Extracted records
···

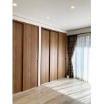 クローゼット扉はパナソニック社のベリティス。カラーはチェリーです。3枚連動引戸を採用しました。
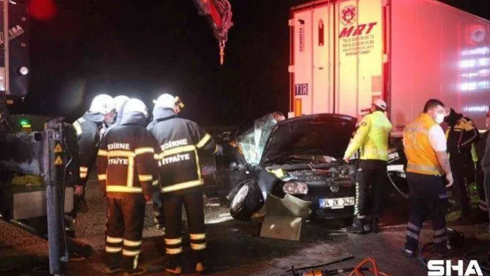 Edirne'de tıra arkadan çarpan otomobilde bulunan 2 kişi feci şekilde hayatını kaybetti.
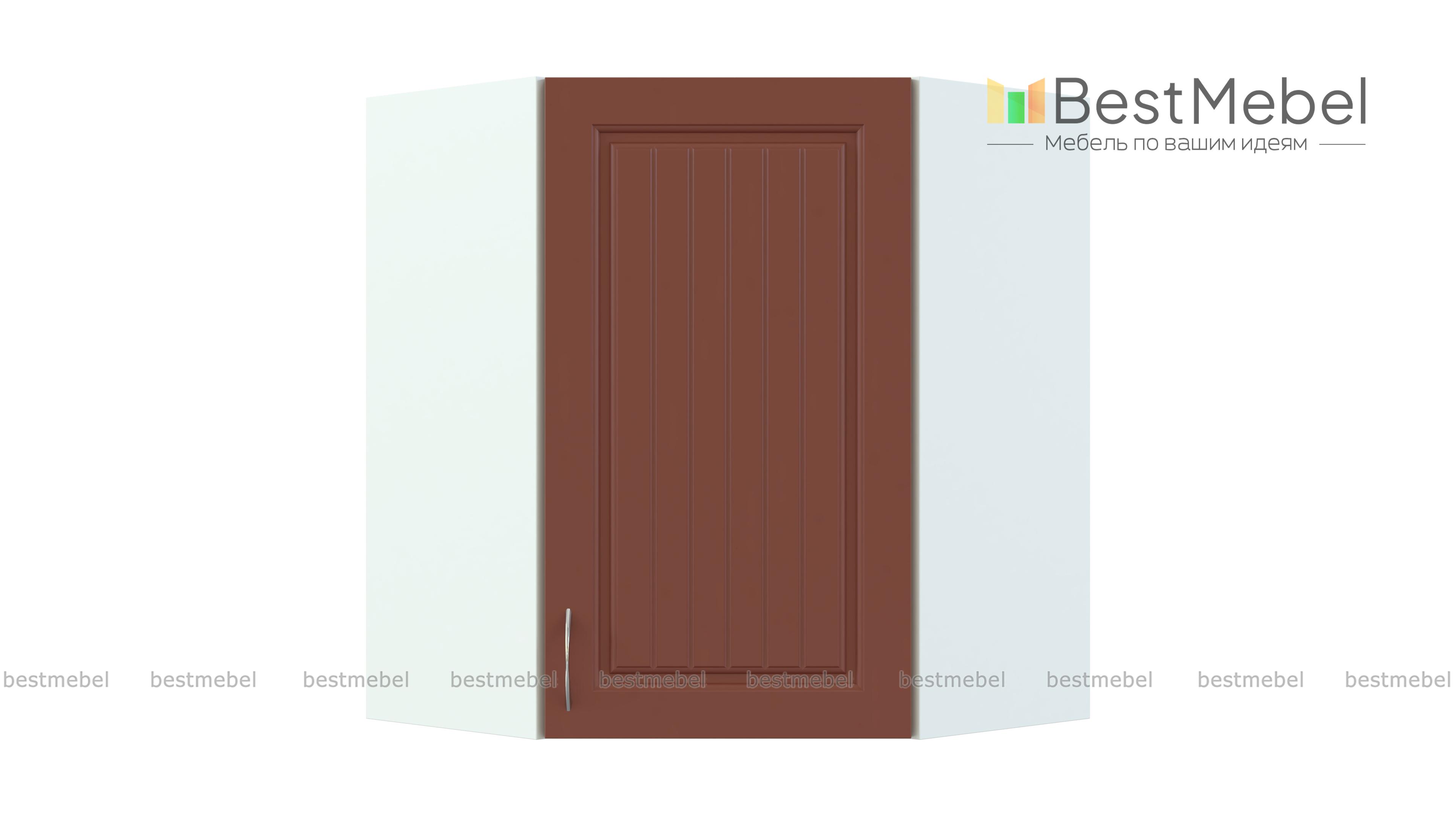 Шкаф навесной угловой Николь BMS выполнен в форме трапеции и отличается вместительностью и функциональностью. Модель выгодно использует угловое пространство кухни и предназначена для стыковки боковых модулей верхнего ряда. За распашной дверцей находится внутреннее отделение с полкой для хранения продуктов и кухонных аксессуаров. Фасады светлых тонов с фрезеровкой и ручкой под серебро станут частью элегантного комплекта в стиле кантри. Купить шкаф навесной угловой Николь BMS вы сможете по лучшей цене в нашем интернет-магазине.
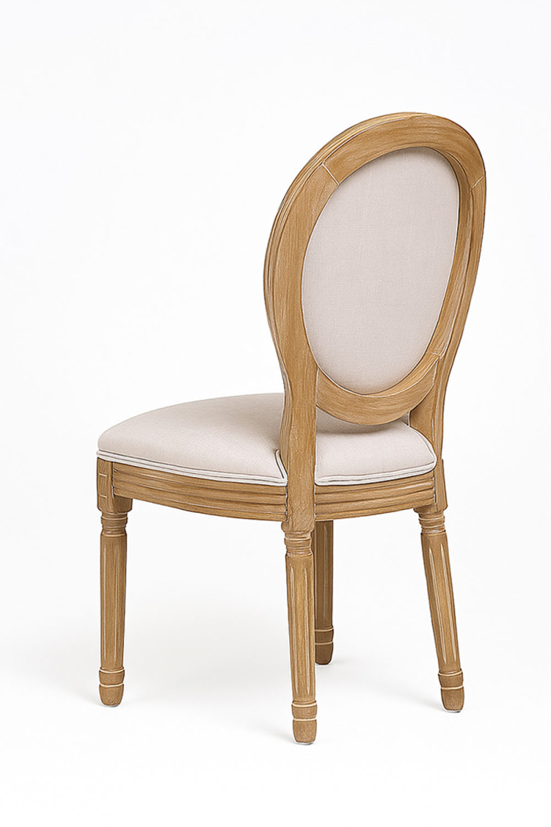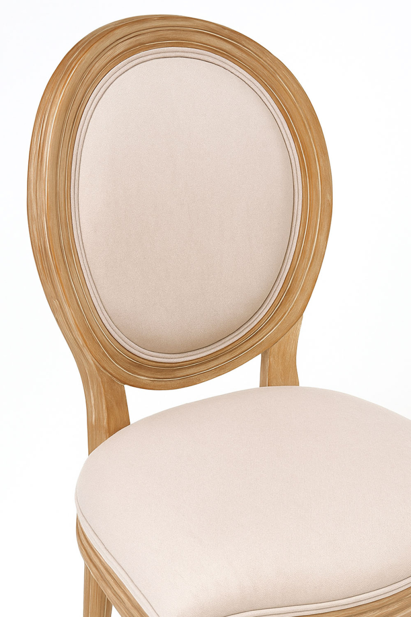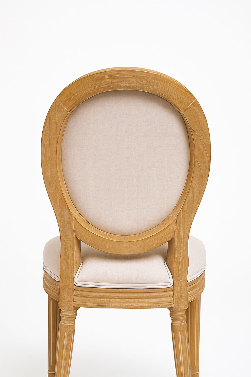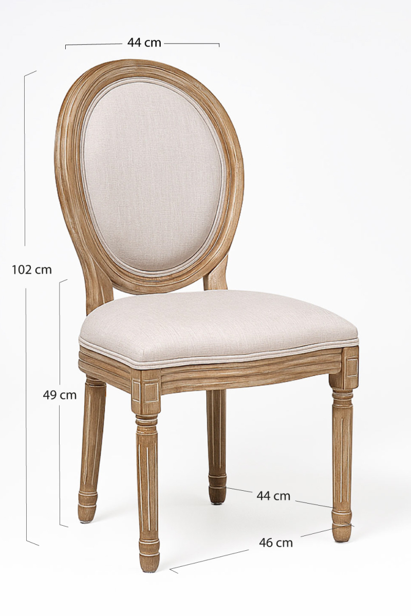 Pack 4 Sillas Palace: Si te gusta el estilo clásico porque sabes que es lo que está de moda, nuestra Silla Palace te va a sorprender.¿Por qué no convertir tu comedor o salón en un palacio? Así es el diseño de esta silla de estilo nórdico, en tonos claros y muy elegantes.Se trata de una silla fabricada con madera de olmo en su color natural y con el asiento de espuma forrado en tela beige.Es una silla manejable, de 102 centímetros de altura total y 6,5 kilogramos de peso, detalles que la hacen muy resistente, con la capacidad de soportar hasta 120 kilogramos de peso.Además, es muy cómoda, tanto en el respaldo como en el asiento, en los que puedes notar el efecto acolchado.Y te entrará por los ojos porque tiene esas sofisticadas formas palaciegas con el respaldo circular y unos elegantes acabados en la madera.
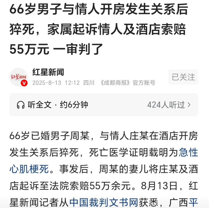 据红星新闻8月13日报道,66岁男子与情人开房发生关系后猝死,家属起诉情人及酒店索赔55万。
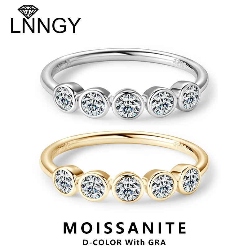 Lnngy Bezel 3mm Moissanite Ring With Certificate 925 Sterling Silver Rings for Women Couples Delicate Wedding Bands Jewelry Gift
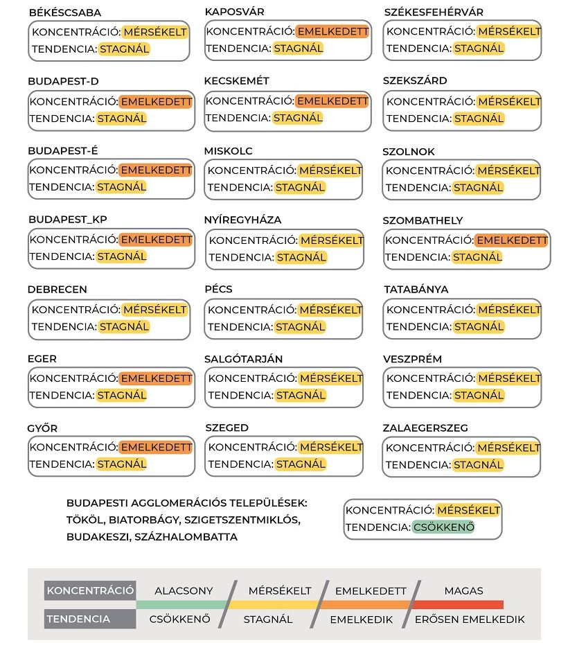 A Nemzeti Népegészségügyi Központ friss adatai szerint vizsgált városok többségében stagnáló tendencia jellemző, enyhe csökkenés egyedül a vizsgált Budapest környéki települések közös mintájában volt tapasztalható.

···

■ What to do:
What is needed is the exact run of lines from the start of the data through the line with "据红星新闻8月13日报道,6", both ends included, minus the pictures.

■ Written response:
 クローゼット扉はパナソニック社のベリティス。カラーはチェリーです。3枚連動引戸を採用しました。
 Edirne'de tıra arkadan çarpan otomobilde bulunan 2 kişi feci şekilde hayatını kaybetti.
 Шкаф навесной угловой Николь BMS выполнен в форме трапеции и отличается вместительностью и функциональностью. Модель выгодно использует угловое пространство кухни и предназначена для стыковки боковых модулей верхнего ряда. За распашной дверцей находится внутреннее отделение с полкой для хранения продуктов и кухонных аксессуаров. Фасады светлых тонов с фрезеровкой и ручкой под серебро станут частью элегантного комплекта в стиле кантри. Купить шкаф навесной угловой Николь BMS вы сможете по лучшей цене в нашем интернет-магазине.
 Pack 4 Sillas Palace: Si te gusta el estilo clásico porque sabes que es lo que está de moda, nuestra Silla Palace te va a sorprender.¿Por qué no convertir tu comedor o salón en un palacio? Así es el diseño de esta silla de estilo nórdico, en tonos claros y muy elegantes.Se trata de una silla fabricada con madera de olmo en su color natural y con el asiento de espuma forrado en tela beige.Es una silla manejable, de 102 centímetros de altura total y 6,5 kilogramos de peso, detalles que la hacen muy resistente, con la capacidad de soportar hasta 120 kilogramos de peso.Además, es muy cómoda, tanto en el respaldo como en el asiento, en los que puedes notar el efecto acolchado.Y te entrará por los ojos porque tiene esas sofisticadas formas palaciegas con el respaldo circular y unos elegantes acabados en la madera.
 据红星新闻8月13日报道,66岁男子与情人开房发生关系后猝死,家属起诉情人及酒店索赔55万。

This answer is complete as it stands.